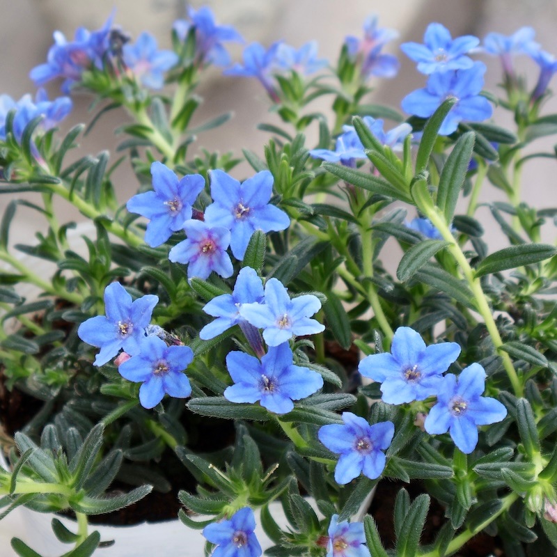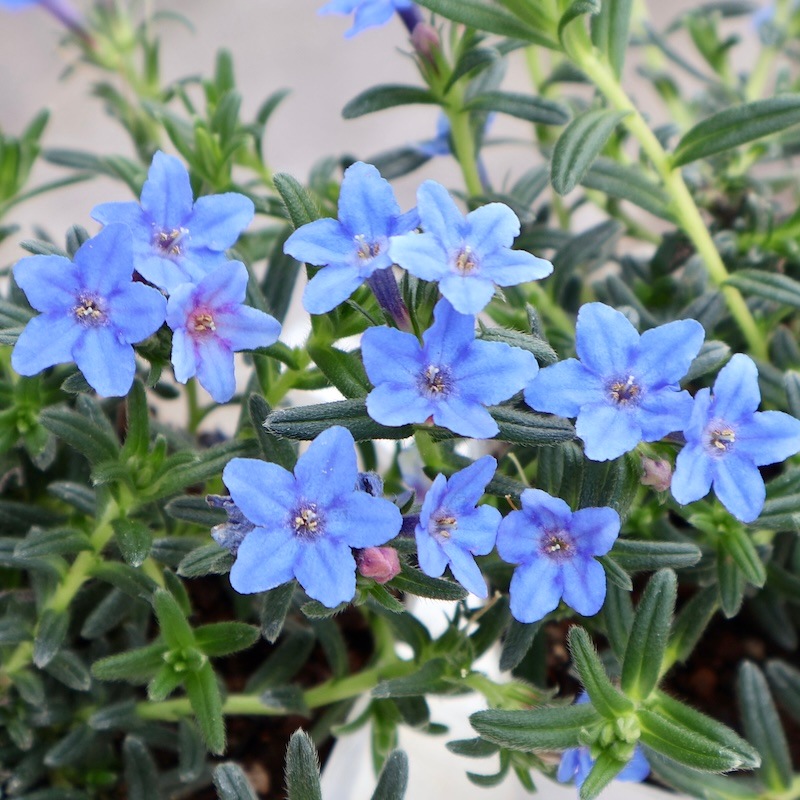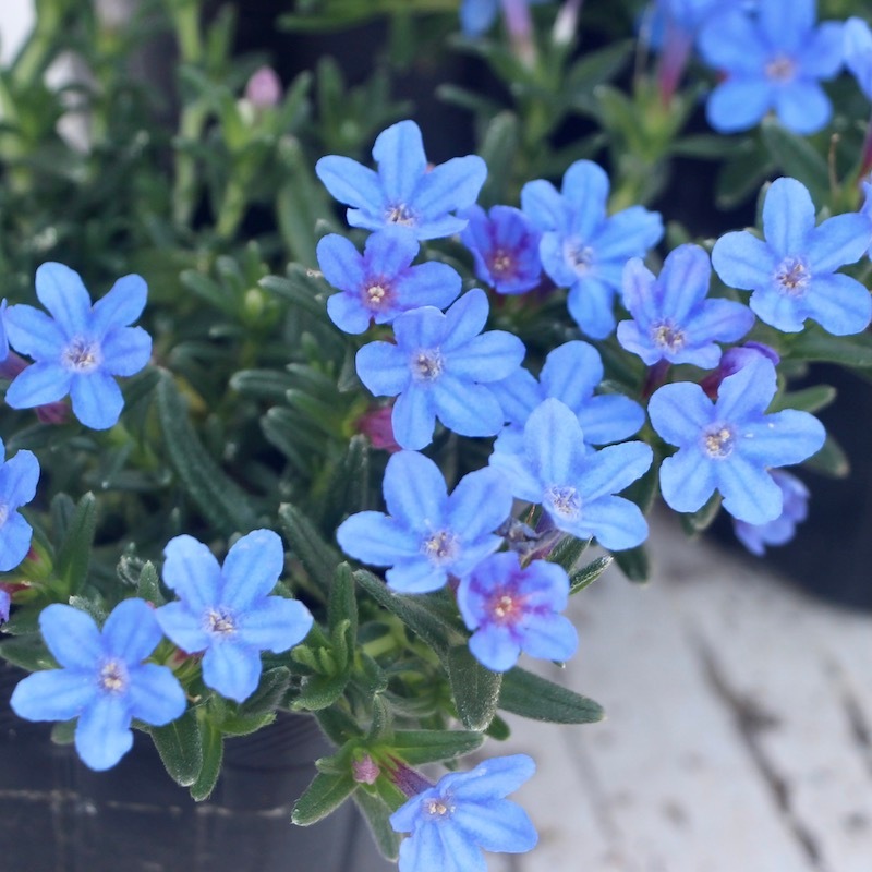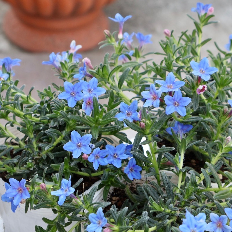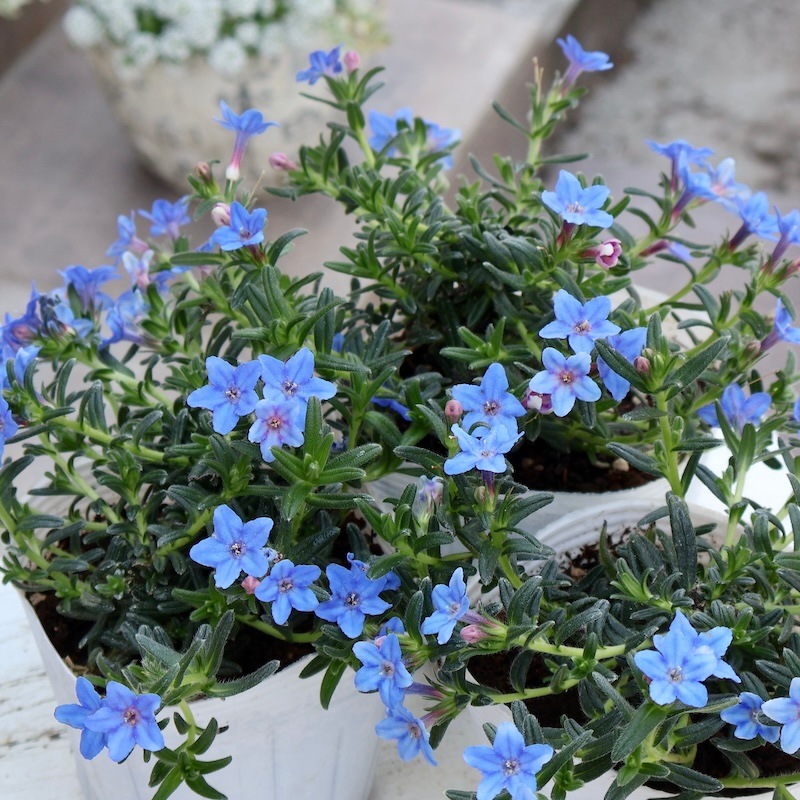************************* とっても綺麗なブルーの株が入荷♪ 入荷は今回限り ご希望の方は、お早めにどうぞ~ 目の覚めるようなブルーの星型の花。 こんなに鮮やかな本当の「青」の花は珍しいく何度見ても感激しますね。 タイトルの通り、この花の名前は「リソドラ」もしくは「ミヤマホタルカズラ」 と呼ばれています。 とっても人気のある花でが、根元まできれいな良株がなかなかなく、滅多に入荷できません。 少しは妥協も必要なんですけれどね。笑 植えっぱなしでも毎年咲いてくれる多年草です。 耐寒性もとても強くマイナス5℃でも大丈夫なので、寒冷地でも安心です。
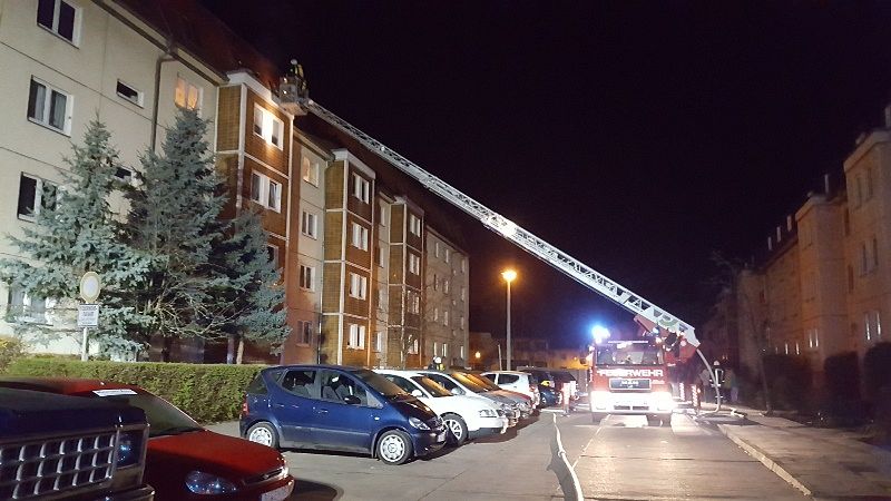 Schon auf der Anfahrt kam von der Rettungsleitstelle die Information, dass sich noch eine Person in der betroffenen Dachgeschosswohnung aufhielt. Dieses bestätigte sich bei der Ankunft.
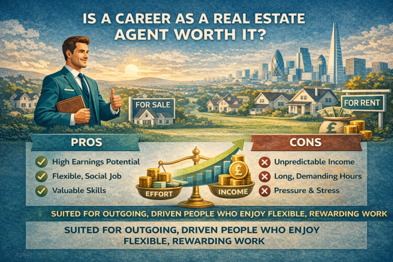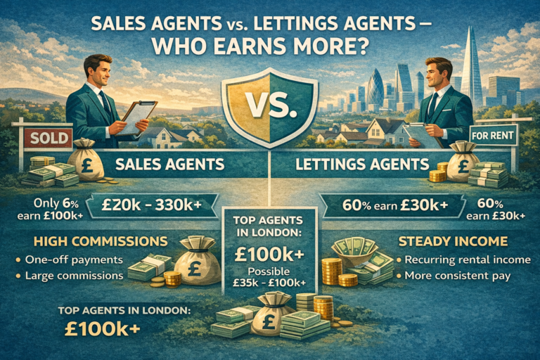 In London, agents can earn a lot. Experienced agents usually make around £50,000–£100,000+ per year. Top performers in luxury areas can go above £100,000. Also, sales often pay more than lettings, but lettings give a steady monthly income. Working in London is busy and fast, but hard-working agents can earn well.
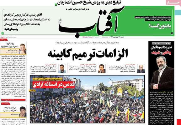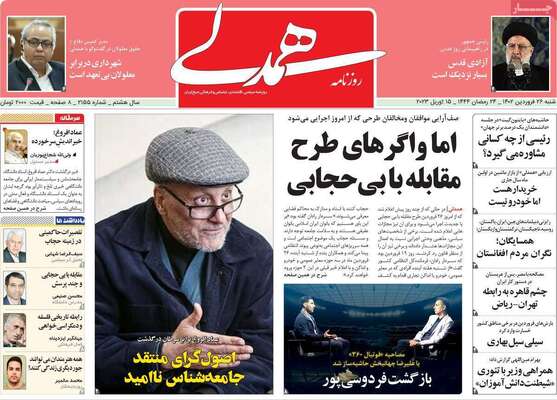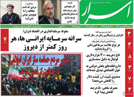 صفحه نخست روزنامههای شنبه ۲۶ فروردین ۱۴۰۲

# [What the task requires]
Copy nothing but the lines above from the one with "In London, agents" through the end of the material, word for word, and drop the pictures.

# [Expected answer]
 In London, agents can earn a lot. Experienced agents usually make around £50,000–£100,000+ per year. Top performers in luxury areas can go above £100,000. Also, sales often pay more than lettings, but lettings give a steady monthly income. Working in London is busy and fast, but hard-working agents can earn well.
 صفحه نخست روزنامههای شنبه ۲۶ فروردین ۱۴۰۲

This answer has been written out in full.